The ACCC was concerned about issue 4 in the context of terms permitting one party but not the other to avoid or limit performance of the contract. Some telecommunications businesses were found to use standard form contracts containing broad suspension and termination clauses which the ACCC found problematic. These businesses amended or deleted the terms to either restrict their operation to limited (and well defined) circumstances or to provide clarification as to the circumstances in which the business would seek to rely on them.

Example of Issue 4 unfair term

“We may at any time, without notice and at our absolute discretion, suspend or disconnect your access to part or all of the service, or delete or deny you access to your data if we have reasonable cause to do so.”

In relation to issue 5, the ACCC focused on the online sector, the telecommunications industry and major hire car companies. Of note, it is reported that none of the hire car companies approached by the ACCC adequately addressed the concerns raised.

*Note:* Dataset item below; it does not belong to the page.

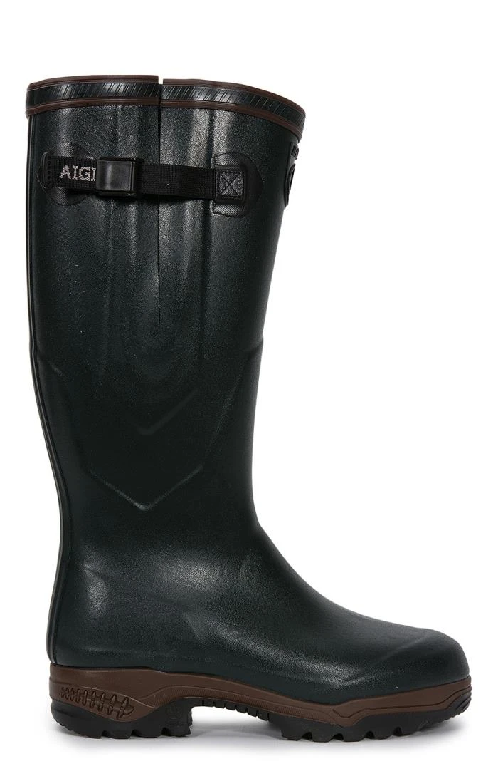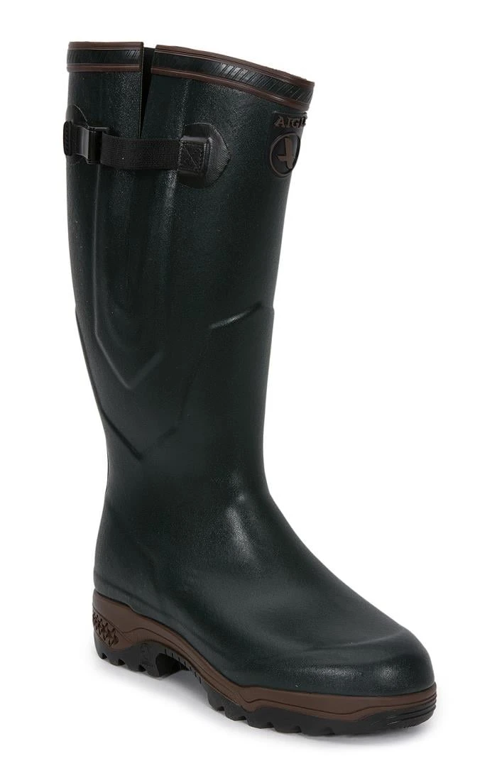 The Aigle Parcours Iso Mens Boot is a highly functional and practical wellington boot. this boot has been inspired by hiking boot technology. It has an adjustable calf strap for a better, more comfortable fit. With shock-absorbent and hard wearing soles, as well as the treated polyester lining this Wellington boot is rot proof, washable and has self cleaning cleats which make this boot a great outdoor must.
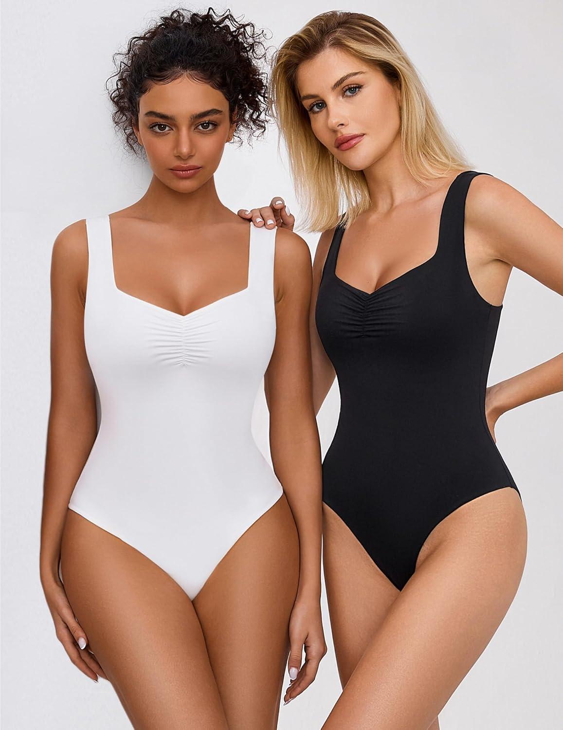 Avidlove Bodysuits for Women Sweetheart Neck Ruched Body Suit Seamless Double Lined Tank Top Slimming(Black)

Those companies should now be on the lookout for enforcement notices or other action by the ACCC.

Again, in relation to issue 6, the ACCC reported that it had achieved important compliance outcomes with businesses, including airlines and telecommunication companies, on ‘entire agreement clauses’, except those in the hire car business.

Example of Issue 6 unfair term

“You acknowledge that you enter into this agreement entirely as a result of your own enquiries and that you do not rely on any statement, representation or promise by us or on our behalf not expressly set out in this agreement.”

The ACCC identified a number of terms across various industries that sought to limit consumer rights to refunds or warranties, and some which misled consumers as to their rights. It can be expected that this will be an area of ongoing focus by the ACCC.

Example of Issue 7 unfair term

“All other terms, conditions, warranties, undertakings, inducements and representations, whether express or implied relating to the supply of the service and equipment are excluded.”

In addition to these 8 issues, the review also identified some broader issues, including complicated and lengthy contracts and terms seeking to limit the jurisdiction by which online contracts are governed.

Implications

It is apparent that the 8 issues identified in the review will remain top priorities for the ACCC and State agencies. Businesses are well advised to review their standard form consumer contracts and to be on the lookout for any terms which might fall within the 8 identified issues. Some techniques to consider employing if there are terms which may be problematic include:

  • narrowing broad clauses so as to make specific the circumstances in which the term is to apply. 
  • making rights and obligations mutual.
  • using clear, plain language

Businesses which have not taken the opportunity to voluntarily amend terms identified by the review as problematic should expect to receive attention. The ACCC has made it clear that its next step in this process is enforcement.